Todo empezó el 4 de mayo de 1954. Roberto L. Petit fue la primera víctima de la tragedia que asolaría la república durante casi treinta y cinco años. Este joven y talentoso político republicano, a semanas de cumplir treinta y dos años, muere durante el asalto de los golpistas al Cuartel Central de Policía, donde ejercía el más alto cargo de la institución. Pero, sin proponerse, durante una conferencia pronunciada en 1950, también vaticina la caída de sus verdugos repitiendo una frase que él mismo admitía que no era suya: “Nadie cae del poder por sentirse débil, sino porque se cree demasiado fuerte”. Y eso exactamente les pasó a los estronistas en la noche de la Virgen de la Candelaria y en la madrugada de San Blas.

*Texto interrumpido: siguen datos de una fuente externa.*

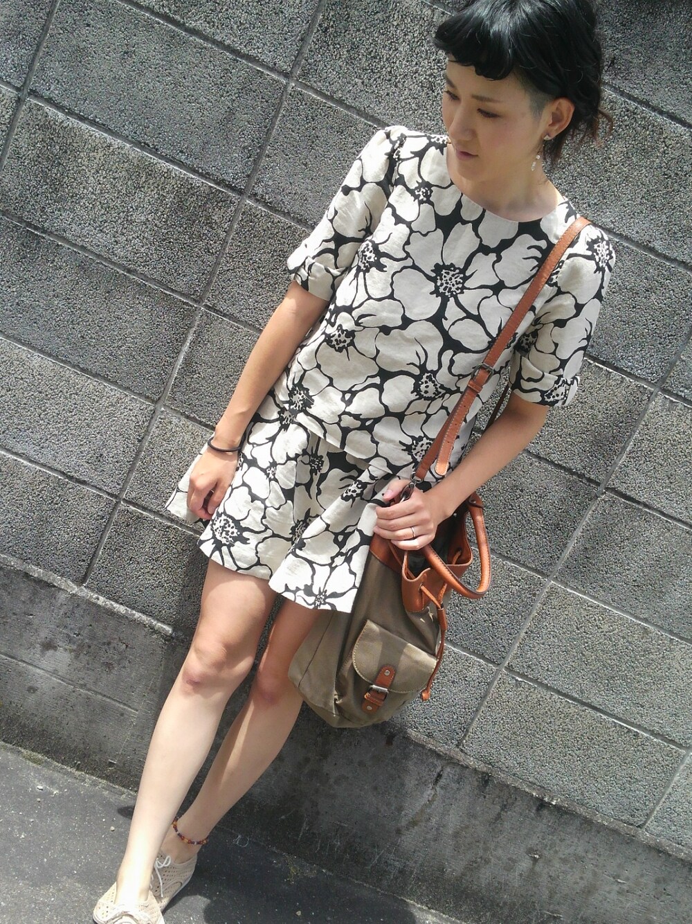 ベージュ×ブラックのコーディネート! アンクレットで差し色を♪

Lo de L. Petit fue premonitorio. Toda una brillante generación (poetas, músicos, escritores y políticos) se encamina al exilio. Los que tuvieron permiso para quedarse fueron confinados al silencio. Y los que se atrevían a hablar (en contra, obviamente) conocerían largas pasantías en el Departamento de Investigaciones, en la Comisaría Tercera o en La Técnica. Los más afortunados saldrían con graves secuelas físicas y sicológicas. Otros, simplemente, desaparecieron.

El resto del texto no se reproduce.